Recent outbreaks in energy project work camps pose additional risk to nearby communities with limited health-care resources

VANCOUVER — The David Suzuki Foundation is calling on the federal and provincial governments — and their chief medical officers — to close all resource extraction project work camps in Canada (especially those near rural and Indigenous communities), to help protect communities from COVID-19.

Three weeks ago, the Foundation sent a letter to Prime Minister Justin Trudeau and all provincial and territorial premiers outlining the rationale for the request. Two weeks ago, the letter was sent to all chief medical officers. With recent coronavirus outbreaks at sites like the Site C megadam in B.C. and Kearl Lake in Alberta, the Foundation is now calling on government to act before affected communities are put at further risk.

“Given the uncertainty around the spread and containment of COVID-19, as well as the risk of additional outbreaks in isolated communities, we must apply the precautionary principle and put these work camps’ operations on hold,” Foundation CEO Stephen Cornish said. “For the health of everyone involved, let’s get these workers the financial support they need, and help get them safely home.”

While most companies have made voluntary decisions to reduce the number of workers on site, major projects — including the Trans Mountain pipeline, Coastal GasLink pipeline, Site C and more — still have hundreds of workers onsite. As of early April, more than 1,000 workers were at the Site C camp in northern B.C.

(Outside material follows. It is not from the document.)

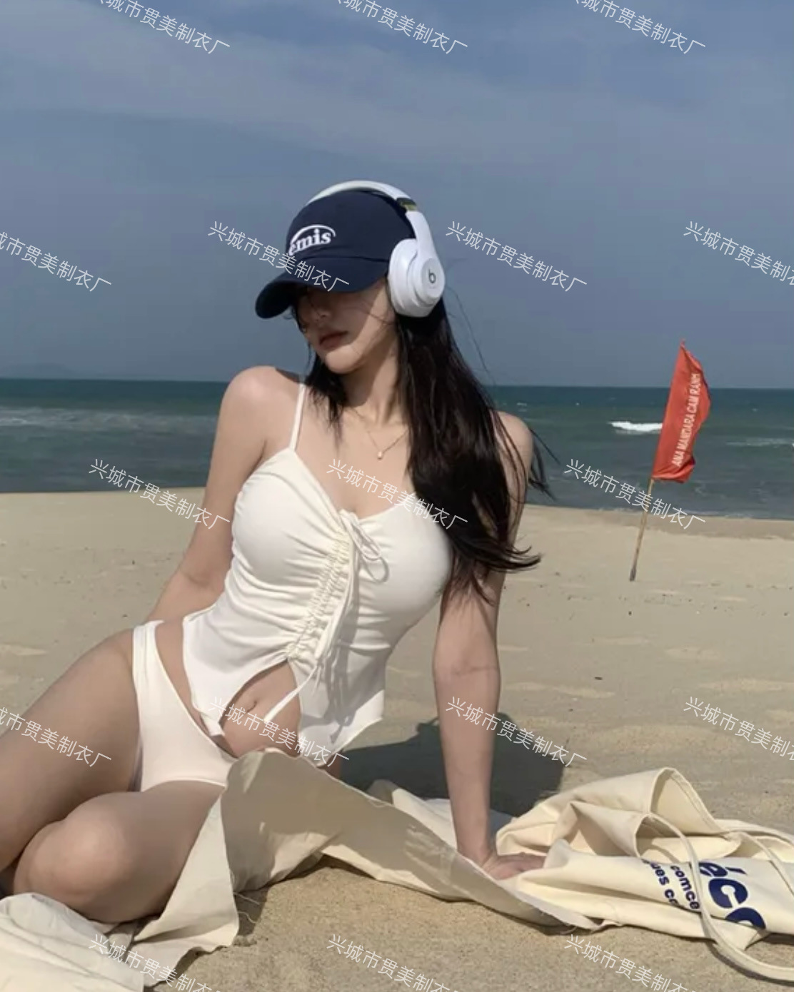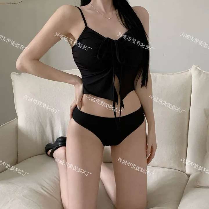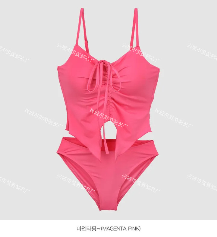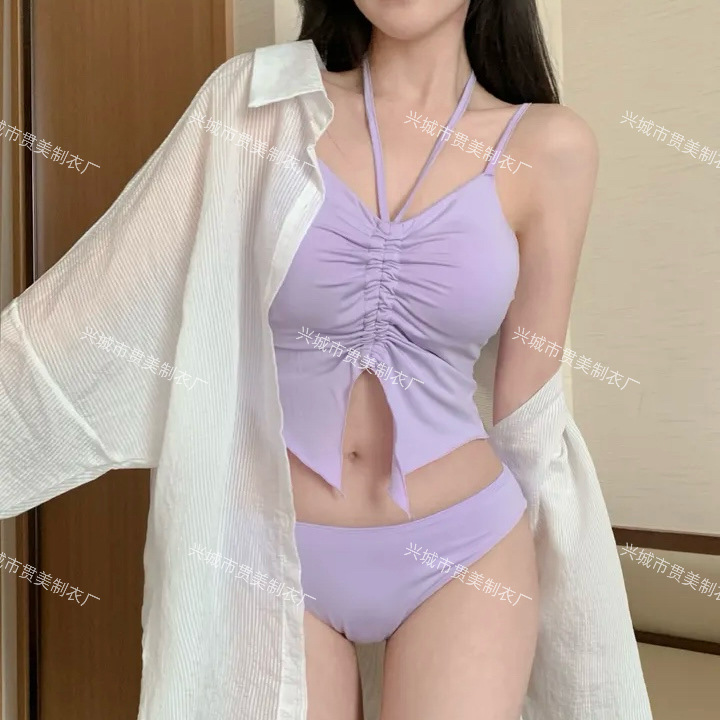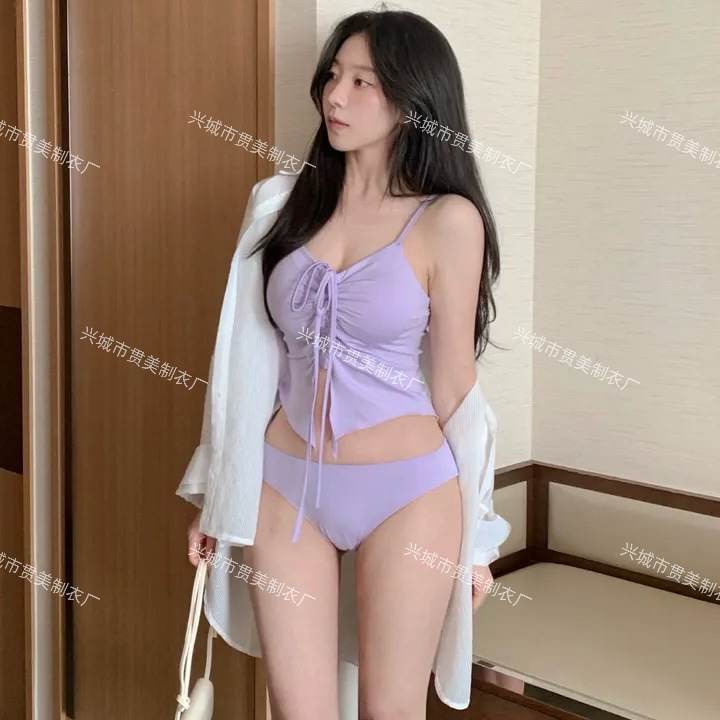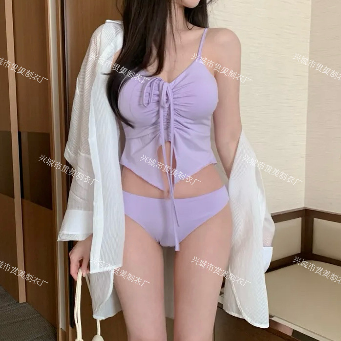 새로운 한국 휴가 ins 소녀 섹시한 스트랩 drawstring 뜨거운 소녀 솔리드 컬러 비키니 여성용 온천 휴가 수영복스토어 가기

“It’s past time to close these work camps. It’s a common sense precaution, in line with what health officials are asking all Canadians to do right now,” Foundation Western Canada director-general Jay Ritchlin said. “Given the traumatic history between settlers and Indigenous nations when it comes to introduced diseases, there is also a moral duty for Canadian governments to act, in line with their commitments to reconciliation.”

In B.C., local mayors, nurses, the B.C. Building Trades Council, the Union of B.C. Indian Chiefs and the former chief medical health officer for Northern Health in B.C. have all also called for the camps to be closed. The Foundation’s letter states, “Putting the lives of some Canadians unnecessarily at risk today for the sake of infrastructure and economic benefit tomorrow is at best unwise and at worst unethical.”

Last week, the Foundation also submitted a series of short- to mid-term recommendations for how government can invest in a “green recovery” from COVID-19 — protecting and restoring the natural environment while also creating jobs and reinvigorating the Canadian economy.